Quadrupole mass spectrometers in the past 30 years - history, development, future trends


Design, equipment, fields of application: Many things have changed with quadrupole mass spectrometers (QMS) over the last 30 years. They have become more compact, durable, versatile and digital. Initially used primarily in research, QMS are nowadays utilized in the semiconductor industry, freeze-drying or leak detection, for example.

Historical review
The first quadrupole mass spectrometers on the market included an integrated control unit in a 19 inch rack connected via cable to the analyzer and other modules such as a high-frequency generator. Figure 1 shows the QMS 420 quadrupole control unit commonly used at the end of the 1980s. This device was operated either completely via the control unit by means of a four-line LCD display and the keyboard or via PC software. A serial interface (RS-232-C) was used for communication with the computer; the softkeys below the display were applied depending on the context. Analog or digital inputs and outputs could also be used via modules. The measured values could as well be displayed via a recorder or oscillograph channel.

The software available at that time consisted of different subprograms with which measurements could be performed and the QMS could be tuned. For example, to perform a measurement, a specific subprogram had to be opened. To access the stored measurement results later, one had to switch to another part of the software.

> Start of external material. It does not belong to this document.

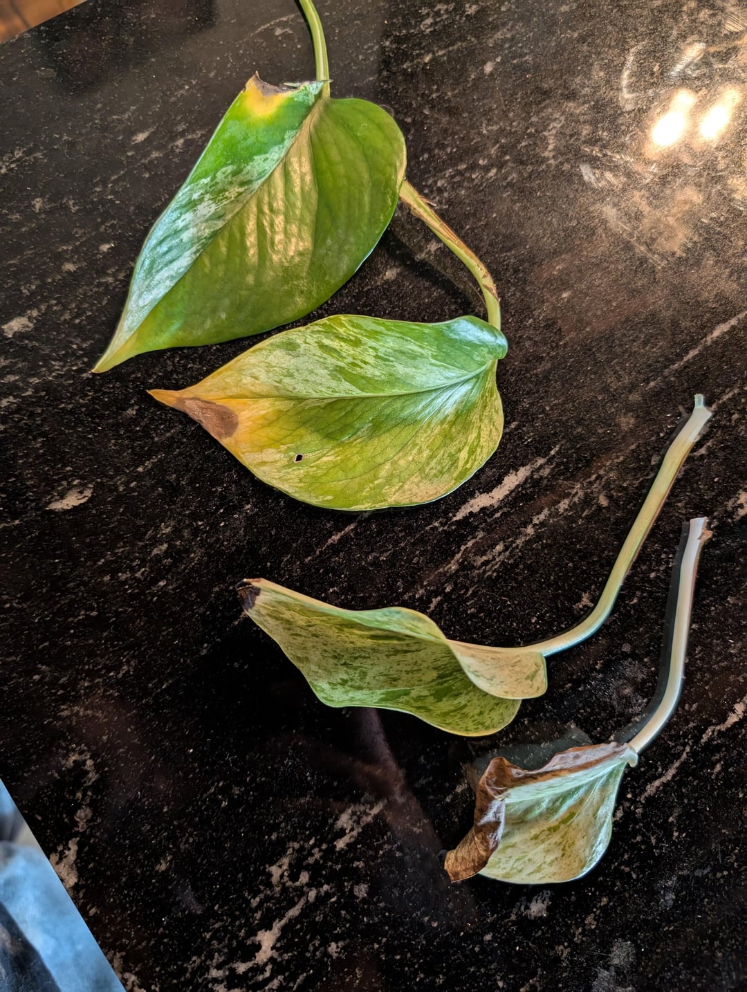 4. I’ve basically given up on most of my pothos. I have found that bottom watering after I notice the leaves drooping seemed to help, but they all still lose some leaves here and there. I’ve abandoned any schedule for watering, and instead wait for the visible drooping, then bottom water. It has worked reasonably well for my Marble queen and N Joy. I’m letting the golden just die, though. I seem to only be able to keep those alive in just water instead of soil.

These first mass spectrometers were replaced in the beginning of the 1990s by compact QMS for mass ranges up to 300 u. In contrast to the older models, the electronics of the compact versions are located directly at the vacuum feedthrough of the analyzer. This eliminates the need for additional electronics installed in the rack. The electronics of a compact QMS usually do not require much more space than the analyzer. Compared to the QMS with rack electronics, the compact versions were moreover relatively cost-effective, but also limited in performance, especially regarding sensitivity, detection limit and measurement speed.

Figure: Inside the PrismaPro compact QMS from Pfeiffer Vacuum
Figure: Inside the PrismaPro compact QMS from Pfeiffer Vacuum

Such devices are particularly suitable for simpler tasks such as residual gas analysis, leak detection or monitoring of specific masses over a certain period of time. To bake out the analyzer for UHV applications, however, the electronics must be removed.

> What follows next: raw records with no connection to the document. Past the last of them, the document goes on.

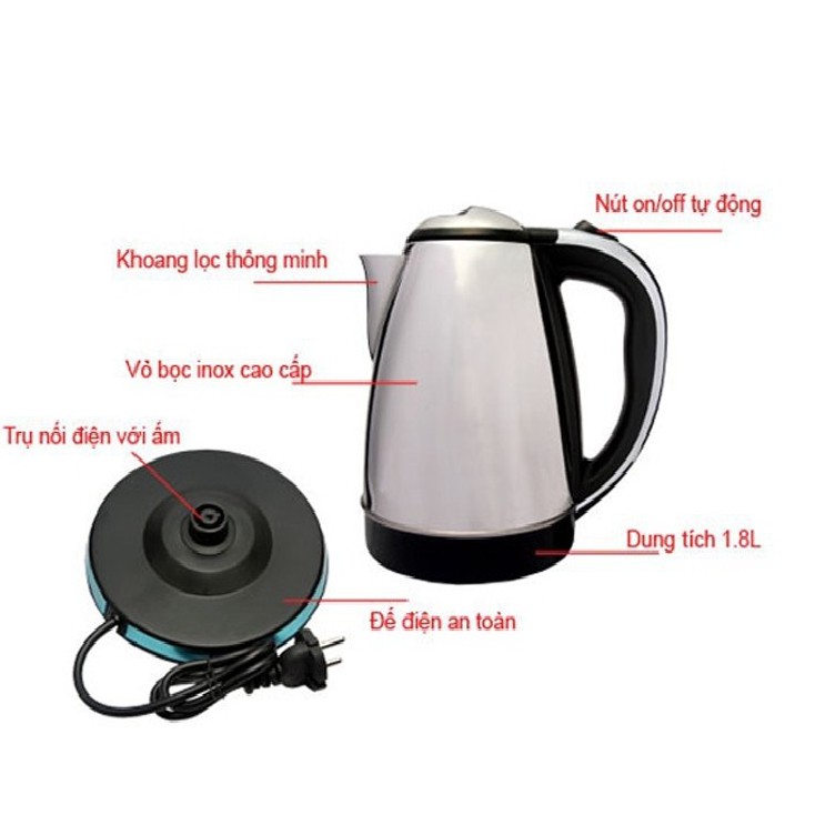 🔹 Thể tích 1,8 lít, cho bạn thoải mái đun nước pha trà, pha cà phê, nấu mỳ gói, pha nước tắm…🔹 Ấm đun làm từ chất liệu inox bền đẹp, không độc hại, tốt cho sức khỏe người sử dụng.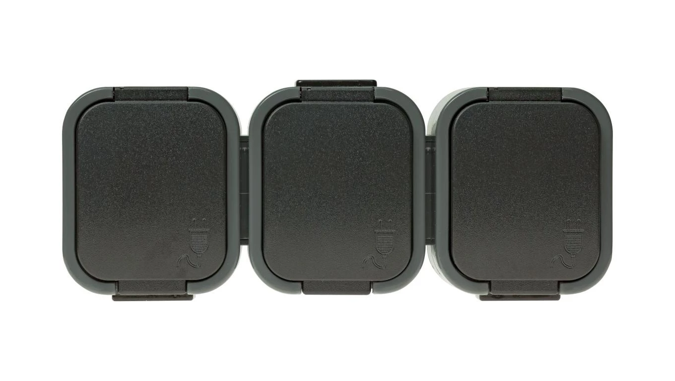 B2 NT-316 B2 SZARY/CZARNY GNIAZDO POTRÓJNE 3X2P+Z BRYZGOODPORNE Z KLAPKĄ W KOLORZE CZARNYM IP54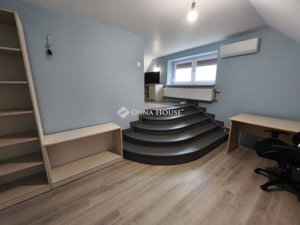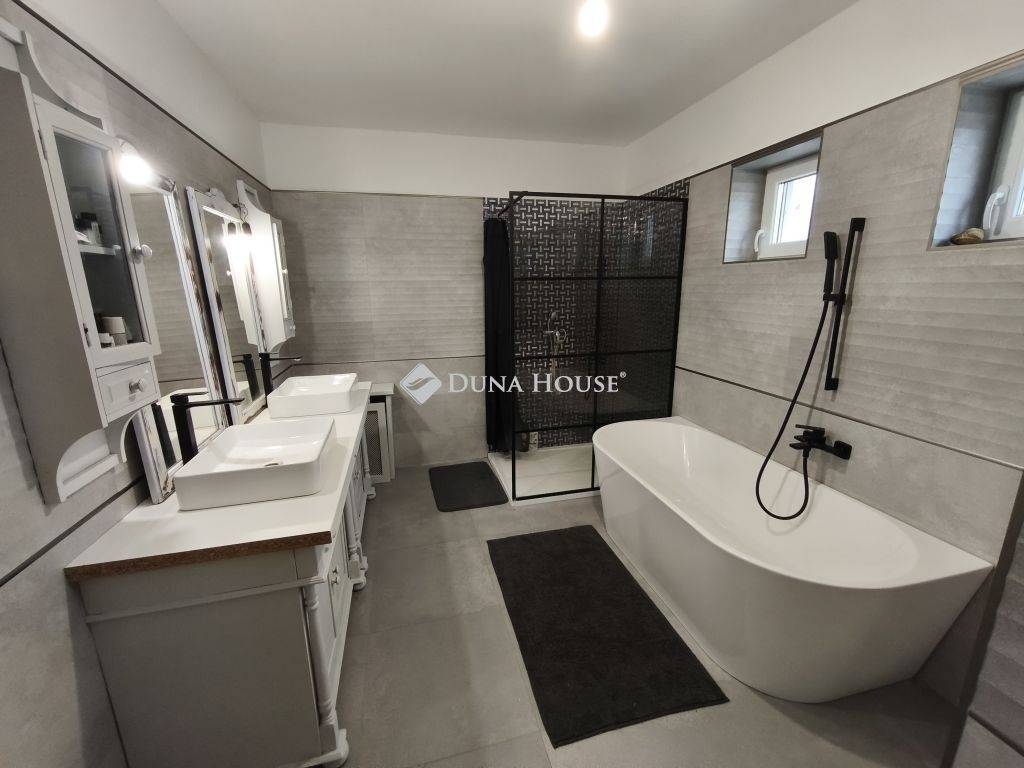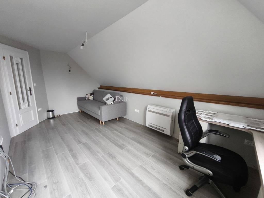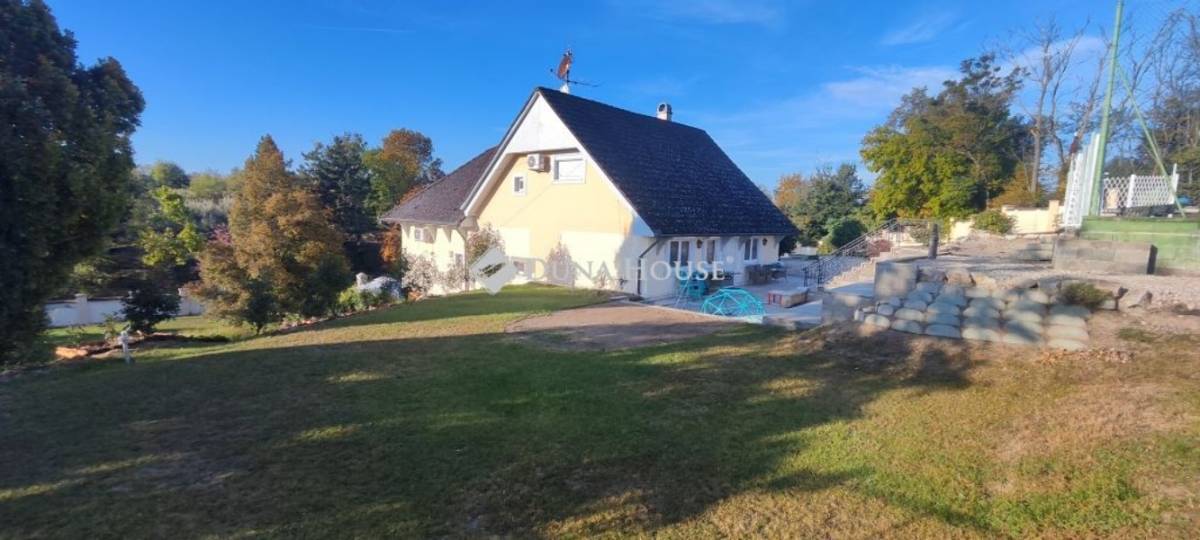 1989-ben épült, építése óta átesett bővítésen is, így érte el jelenlegi formáját. A szinteltolásos kialakítású lakóház tágas lakóterű, amelyhez alagsori szint kapcsolódik garázsokkal és kiszolgáló helyiségekkel. A nagy belmagasságú, napfényes nappali mellett 4 hálószoba található, a szülői háló gardróbbal egészül ki és az egyik szobához szintén tartozik gardrób. A ház része egy hangulatos borospince is, amely hobbihelyiségként is kiválóan használható.

Until the mid-2000s, most of the QMS available on the market were still equipped with a serial interface. The operation of several devices in a network and via one software – so-called "multiplexing" – was, for example, realized via ArcNet and fiber optic cables. Later, devices with RS-485, USB or Ethernet interface were developed for this purpose. Ethernet allows the integration of multiple QMS into an office or production network. Wireless communication via WLAN is of course possible as well.